Iraola desperacko trzyma Semenyo: 'Nie chcemy go stracić!' Spekulacje z City szaleją
Trener AFC Bournemouth Andoni Iraola nie kryje rozgoryczenia w obliczu transferowych spekulacji wokół Antoine'a Semenyo. Hiszpański szkoleniowiec podkreślił, że Wisienki za wszelką cenę chcą zatrzymać swojego najlepszego strzelca, mimo rosnącego zainteresowania ze strony potentatów Premier League.
W sobotnim meczu z Brentford Semenyo wpisał się na listę strzelców, ale nie uchroniło to Bournemouth przed wysoką porażką 1:4. Mimo słabszego występu Ghańczyk nadal stanowi ogromne zagrożenie – w 2025 roku zanotował już 21 bezpośrednich udziałów przy golach w Premier League (15 bramek i 6 asyst). To pierwszy gracz Wisienek, który osiągnął taki wynik w jednym roku kalendarzowym w elicie Anglii. Semenyo, dysponujący klauzulą odstępnego w wysokości 65 milionów funtów, jest powszechnie typowany na zimowe wzmocnienie. Najczęściej wskazuje się na Manchester City jako głównego kandydata do jego pozyskania.
– Im więcej meczów Antoine dla nas rozegra, tym lepiej. Gdyby mógł grać u nas latami, byłoby idealnie. Jeśli nie latami, to miesiącami, tygodniami – wszystko jest lepsze niż mniej – stwierdził Iraola po meczu. – Antoine to kluczowy zawodnik. Nawet w dzisiejszym spotkaniu, gdzie nie błyszczał, był groźny. Nie chcemy go stracić, to jasne, ale niektóre sprawy nie zależą ode mnie. Będzie gotowy na Chelsea za trzy dni i mam nadzieję, że zagra z nami jeszcze wiele razy.

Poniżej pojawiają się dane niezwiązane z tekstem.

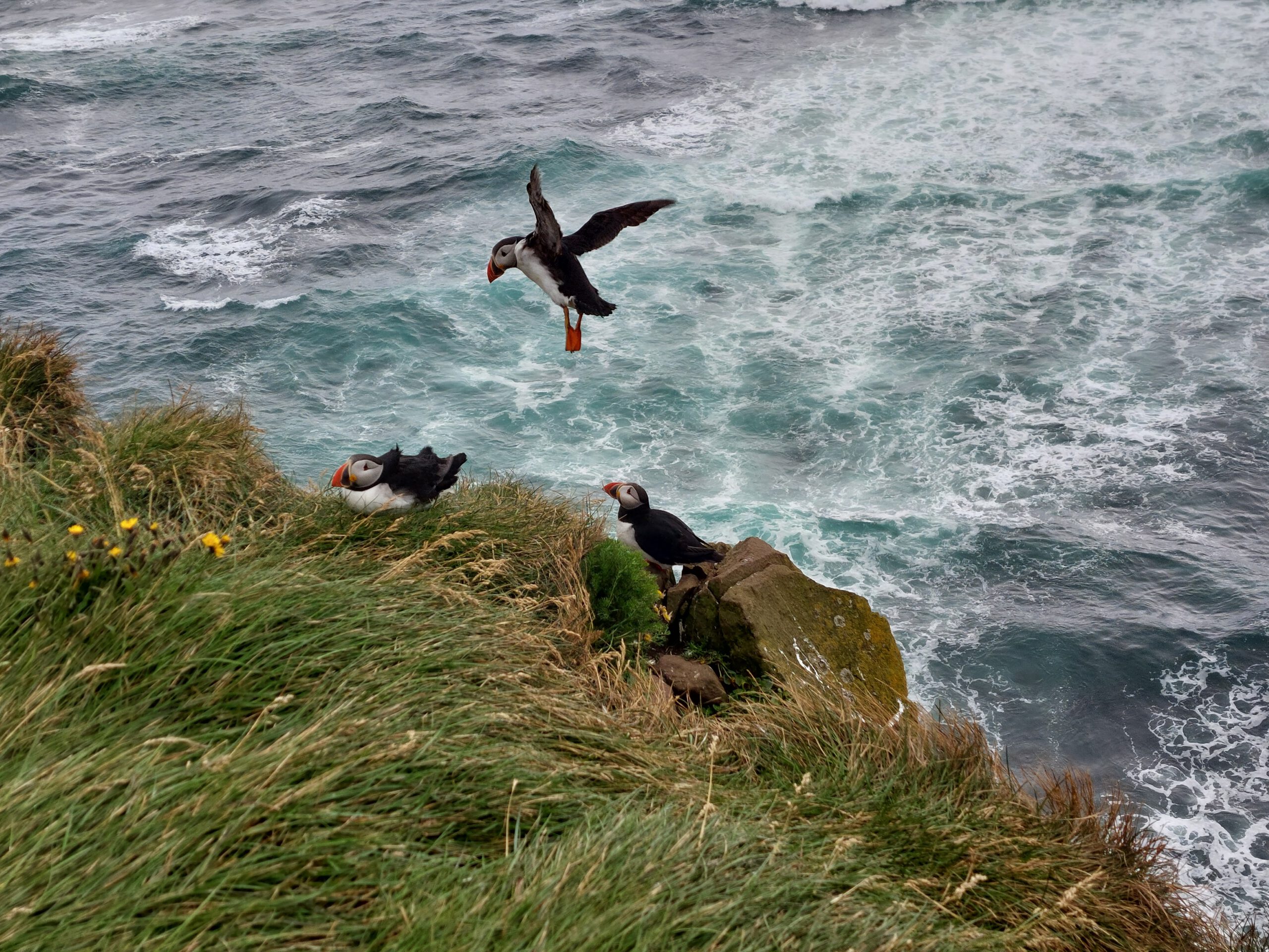 Der Westen und vor allem die Westfjorde beeindrucken mit einer Mischung aus Ruhe, wilder Natur und tierischen Highlights, wie Robben und den kleinen putzigen Papageitauchern sowie zahlreichen Küstenvögeln. Wie auf der ganzen Insel begegnet man auch hier zahlreichen Schafen und Islandpferden, mit etwas Glück sieht man auch Polarfüchse und Rentiere.

Iraola nie omieszkał też skomentować fatalnego początku z Brentford: – Przyjechaliśmy na mecz Premier League 45 minut za późno. Zazwyczaj kończy się to klęską. Bournemouth, walczące o utrzymanie w środku tabeli, desperacko potrzebuje Semenyo w walce o europejskie puchary. Czy klauzula 65 mln funtów wystarczy, by zatrzymać gwiazdę Vitality Stadium?